The benefit: Activities that promote a breath where the exhale is longer than the inhale sends a signal to your brain to put you in a state of ease. In this rest and relaxation state, your heart rate drops, your blood pressure lowers, and your body is in a state of calm and healing.

Here are three activities to give your child (and you!) a moment to breathe. If you have any questions about how to support your family in dealing with stress and anxiety, we are here to help.

Activity #1: Water bubble volcanoes

You’ll need: A small plastic cup, water, drinking straw (for blowing), dish soap, a cookie sheet (or some dish to catch the bubbles), towels on standby

  1. Fill your cup about half full of water.
  2. Add only a few drops of liquid dish soap.
  3. Demonstrate to your child how to blow into the straw to create bubbles with an occasional reminder not to suck in the liquid. No one wants a mouth full of bubbles.
  4. Let them loose! The bubbles will tower up and spill out onto the tray. The kids will have fun with calming breaths, popping bubbles and seeing what happens as they overflow.

Activity #2: Blow painting

You’ll need: Watered-down craft paint, drinking straw (for blowing), art paper, a cookie sheet, or old newspaper to catch the paint

  1. Mix a dollop of kid’s craft paint (washable is best) with several tablespoons of water.
  2. Place the art paper on a cookie sheet or old newspaper.
  3. Spoon scoops of watered-down paint onto a sheet of paper. Optional activity: Try out two primary colors to see how secondary colors are made!
  4. Using a straw, blow each color blob in different directions to mix the two colors together. If the paint doesn’t move very easily, try adding a few more drops of water to the mixture.

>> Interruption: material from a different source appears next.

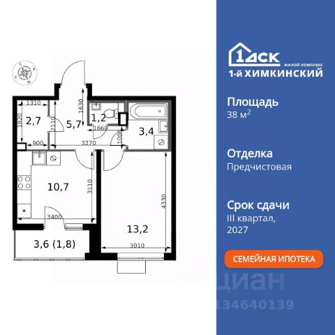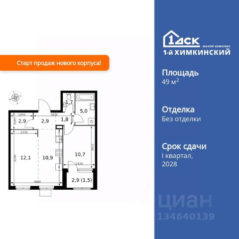 БЕЗ ПЕРВОНАЧАЛЬНОГО ВЗНОСА! Прямая продажа от застройщика! Жилой Комплекс класса Комфорт. Продаётся 1-к квартира номер 135 общей площадью 33.3 кв.м. на 4-м этаже 10 этажного здания. Без отделки. Цена с учётом скидки. Особенности квартиры: - Организуем показ в удобное для вас время! - Линейная планировка - максимальная функциональность и удобство. - Ниша под шкаф - компактное и удобное место для вещей. - Лоджия - уютное место для отдыха и тишины. Квартира без отделки. Чистый холст для воплощения интерьера вашей мечты. Информация о комплексе: "1-й Химкинский": гармония современного города и природы на 102 га у Химкинского леса и канала им. Москвы. Развитая инфраструктура: ТЦ, школы, спорткомплекс с термами и СПА, парк развлечений. Идеальный баланс для жизни в окружении зелени и городского комфорта. Транспортная доступность: ЖК "1-й Химкинский" дает возможность выбрать любой способ передвижения как до города, так и до самых разных объектов, которые могут представлять интерес для его жителей. Не важно, какой способ передвижения вы предпочитаете, успевать всегда и везде можно вне зависимости от выбора транспорта. - 8 мин. пешком (800 м) до остановки "Золотая Арка" -10 мин пешком (1 км) до остановки "Поворот на Ивакино" Внутренняя инфраструктура: Безопасность: закрытые дворы без машин, безбарьерная среда, сквозные подъезды, камеры на детских площадках с трансляцией на смартфон. Отдых: семейный парк развлечений, двухэтажный ТЦ 8 000 м² с фудкортом. Образование: 4 детских сада, 2 муниципальные школы. Спорт: закольцованный веломаршрут, спорткомплекс с термами, тренажерный зал, воркаут зоны. Инфраструктура: поликлиника со станцией скорой помощи, пожарное депо. Паркинг: подземный паркинг, кладовые на -1 этаже, СТО и автомойка на территории. Квартира без отделки - чистый холст для вашего интерьера.

Activity #3: Bubble blowing, a mindfulness activity

You’ll need: bubbles for blowing

Remember, activities that promote a simple breath with an extended exhale calm both the nervous system and overworked mind. Blowing bubbles with your child can promote the calming effect for both of you. Practice blowing the bubbles together to help the child learn to slow down their breath to create the bubble. You can extend the activity by blowing bubbles over the top of your child as they lay on their back and watch the bubbles float down, or they can try to blow them back up to you.